Church history is filled with examples of various modes of Baptism. Consider:
• In A.D. 215, Pope Cornelius wrote that his antagonist, antipope Novatian, was baptized as he was dying in bed.19
• In A.D. 255, St. Cyprian explained proper modes: “The divine methods confer the whole benefit on believers nor ought it to trouble any one that the sick people seem to be sprinkled or affused, when they obtain the Lord’s grace.”20
• In A.D. 215, St. Hippolytus of Rome taught, “If water is scarce, whether as a constant condition or on occasion, then use whatever water is available.”21
These past examples are real. These things happened. So either the only Church with any paper trail recognized various modes of Baptism, or there was an Apostasy of an invisible Church that had no paper trail of any kind, which amazingly, confirms your group’s modern and impossible-to-document beliefs. One scenario is reasonable; the other requires denial of facts and reason.

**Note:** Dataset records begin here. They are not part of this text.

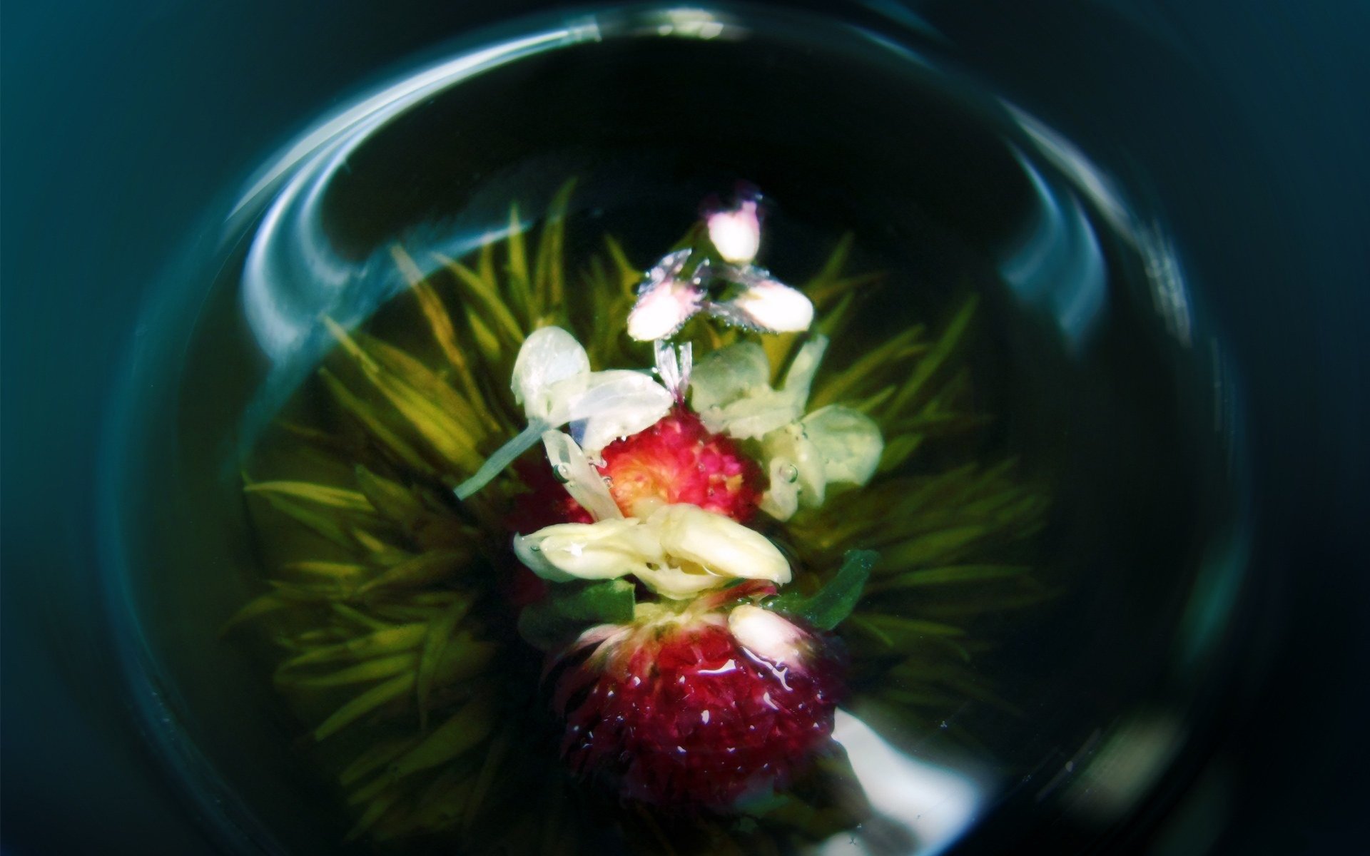 Orchidee mit Schmetterlingen in Wasserreflexion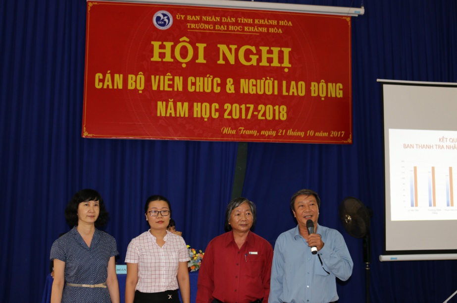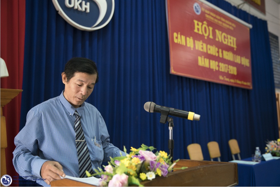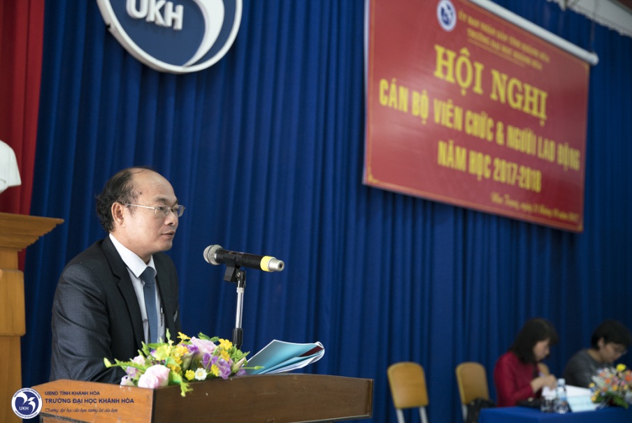 Mở đầu hội nghị, TS.Chu Đình Lộc - Phó bí thư Đảng ủy, Phó Hiệu trưởng đã trình bày Báo cáo tổng kết năm học 2016-2017 và Phương hướng nhiệm vụ năm học 2017-2018. Hội nghị cũng đã được nghe Báo cáo tình hình triển khai hội nghị CBCC&NLĐ của các đơn vị và tổng hợp ý kiến góp ý do Đ/c Lê Văn Thành - Trưởng phòng Tổ chức - Hành chính trình bày, Báo cáo thu chi tài chính năm học 2016-2017 do Đ/c Trần Thị Kim Oanh - Kế toán trưởng trình bày, Báo cáo kết quả thanh tra nhân dân năm học 2016 -2017 do Đ/c Lê Văn Dần trình bày, Báo cáo tổng kết và phát động thi đua Trường Đại học Khánh Hòa năm học 2017 -2018 do Đ/c Chu Đình Lộc - Phó Hiệu trưởng trình bày.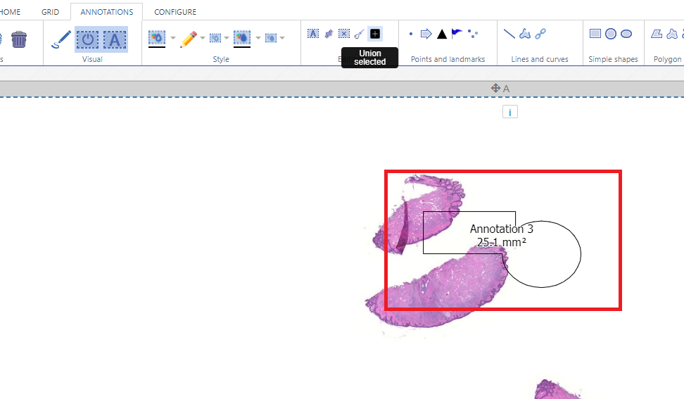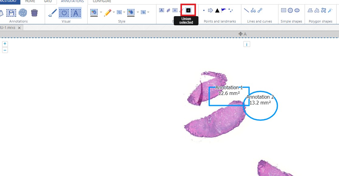 The “Union” button allows user to union two polygon geometries. To union annotations, you first select the two annotations using the shift key and press the “union selected” button, and both annotations will be united.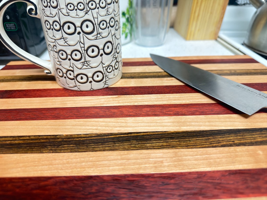 B's Boards started when a friend who's a woodworker showed me the ropes. I buy the lumber myself—species, figure, and contrast—so every glue-up is something I'd be proud to hand someone at a holiday dinner.

18 The Didache, chapter 7. Available at http://www.newadvent.org/fathers/0714.htm as of January 12, 2014.
19 Letter to Fabius of Antioch. Available at http://www.seanmultimedia.com/Pie_Cornelius_I_Letters.html as of January 12, 2014.
20 Letter to Magnus. Available at http://www.newadvent.org/fathers/050675.htm as of January 12, 2014.
21 Jurgens, William A., The Faith of the Early Fathers, Vol. 1. (Collegeville: The Liturgical Press, 1970), 169.